■ Work to complete:
Look through the entries below and copy exactly the part that begins with the line containing "Quoteslyfe.com, 2025. Sat." and ends with the line containing "Нова цеглинка в башту авторитаризму: чому". Do not copy the pictures.

■ Data listing:

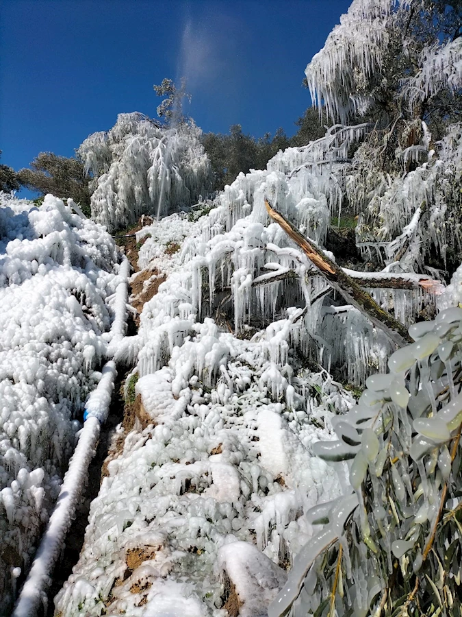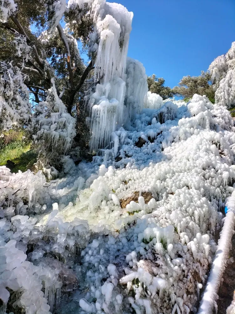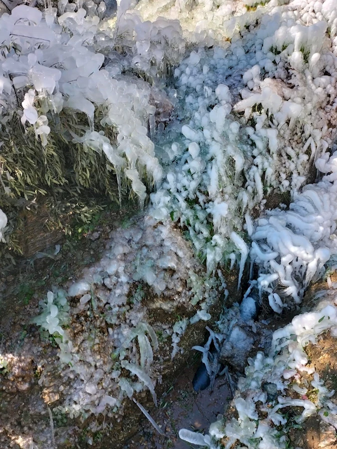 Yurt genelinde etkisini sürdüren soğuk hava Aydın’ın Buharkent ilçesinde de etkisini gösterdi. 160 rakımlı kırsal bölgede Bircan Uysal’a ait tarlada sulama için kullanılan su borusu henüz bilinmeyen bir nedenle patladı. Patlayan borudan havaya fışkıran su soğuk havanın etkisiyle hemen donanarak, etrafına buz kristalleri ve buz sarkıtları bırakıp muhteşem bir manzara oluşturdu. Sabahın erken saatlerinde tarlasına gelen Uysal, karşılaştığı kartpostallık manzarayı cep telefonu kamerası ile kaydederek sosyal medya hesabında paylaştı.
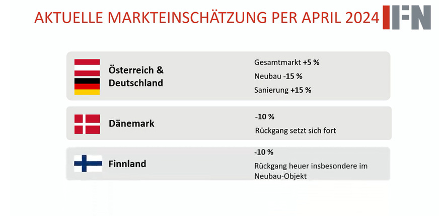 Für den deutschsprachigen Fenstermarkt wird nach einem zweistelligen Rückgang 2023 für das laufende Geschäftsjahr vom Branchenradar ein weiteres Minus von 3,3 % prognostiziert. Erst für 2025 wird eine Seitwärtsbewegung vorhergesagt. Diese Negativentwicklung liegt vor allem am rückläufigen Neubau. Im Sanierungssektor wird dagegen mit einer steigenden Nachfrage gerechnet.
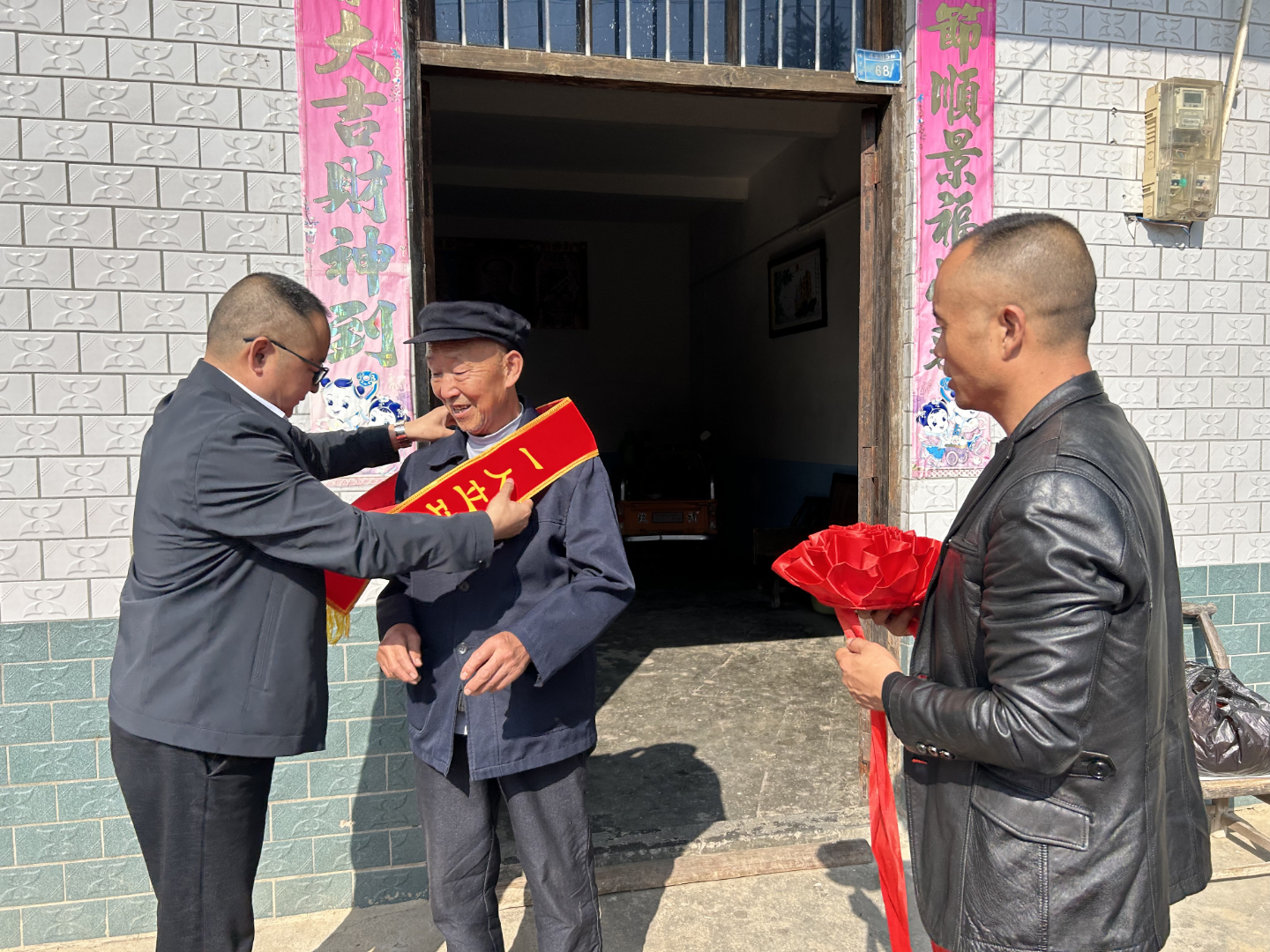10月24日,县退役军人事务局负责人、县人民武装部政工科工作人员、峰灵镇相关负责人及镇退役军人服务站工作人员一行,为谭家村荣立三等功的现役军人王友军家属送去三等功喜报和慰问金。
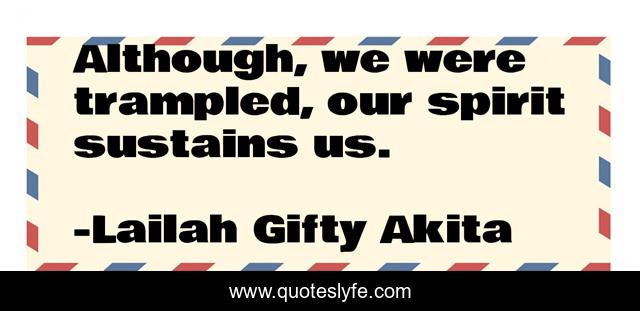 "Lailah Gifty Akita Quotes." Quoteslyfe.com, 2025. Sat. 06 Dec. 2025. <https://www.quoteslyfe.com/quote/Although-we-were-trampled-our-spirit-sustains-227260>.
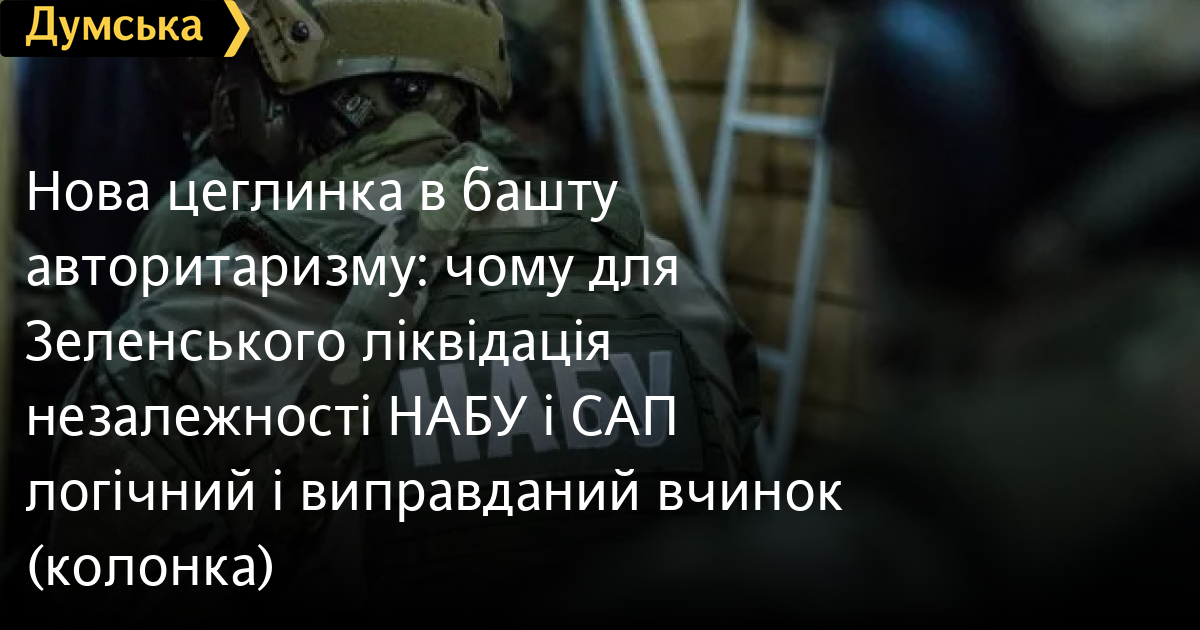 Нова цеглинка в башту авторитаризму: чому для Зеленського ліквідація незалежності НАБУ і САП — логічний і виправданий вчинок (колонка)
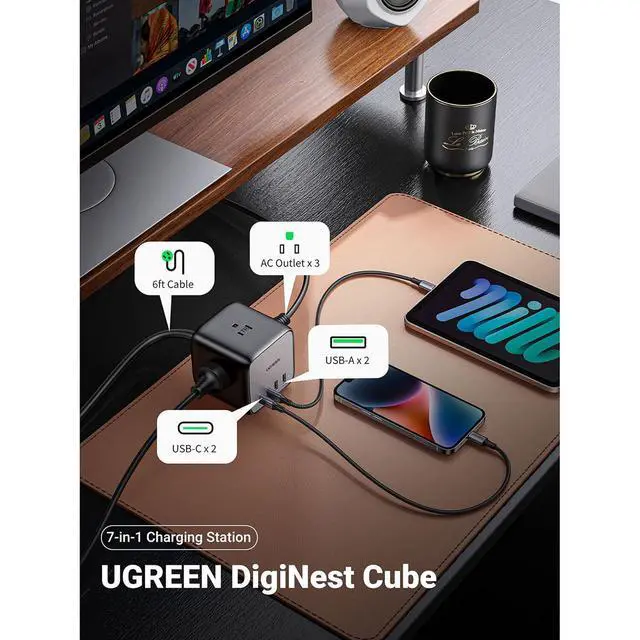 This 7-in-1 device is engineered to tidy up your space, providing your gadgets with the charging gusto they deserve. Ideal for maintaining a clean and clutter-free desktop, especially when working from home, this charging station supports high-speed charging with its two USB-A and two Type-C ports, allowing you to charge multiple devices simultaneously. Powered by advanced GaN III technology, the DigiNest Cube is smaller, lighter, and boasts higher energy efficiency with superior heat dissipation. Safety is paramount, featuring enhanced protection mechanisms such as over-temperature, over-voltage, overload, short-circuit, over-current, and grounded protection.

■ Exercise output:
 "Lailah Gifty Akita Quotes." Quoteslyfe.com, 2025. Sat. 06 Dec. 2025. <https://www.quoteslyfe.com/quote/Although-we-were-trampled-our-spirit-sustains-227260>.
 Нова цеглинка в башту авторитаризму: чому для Зеленського ліквідація незалежності НАБУ і САП — логічний і виправданий вчинок (колонка)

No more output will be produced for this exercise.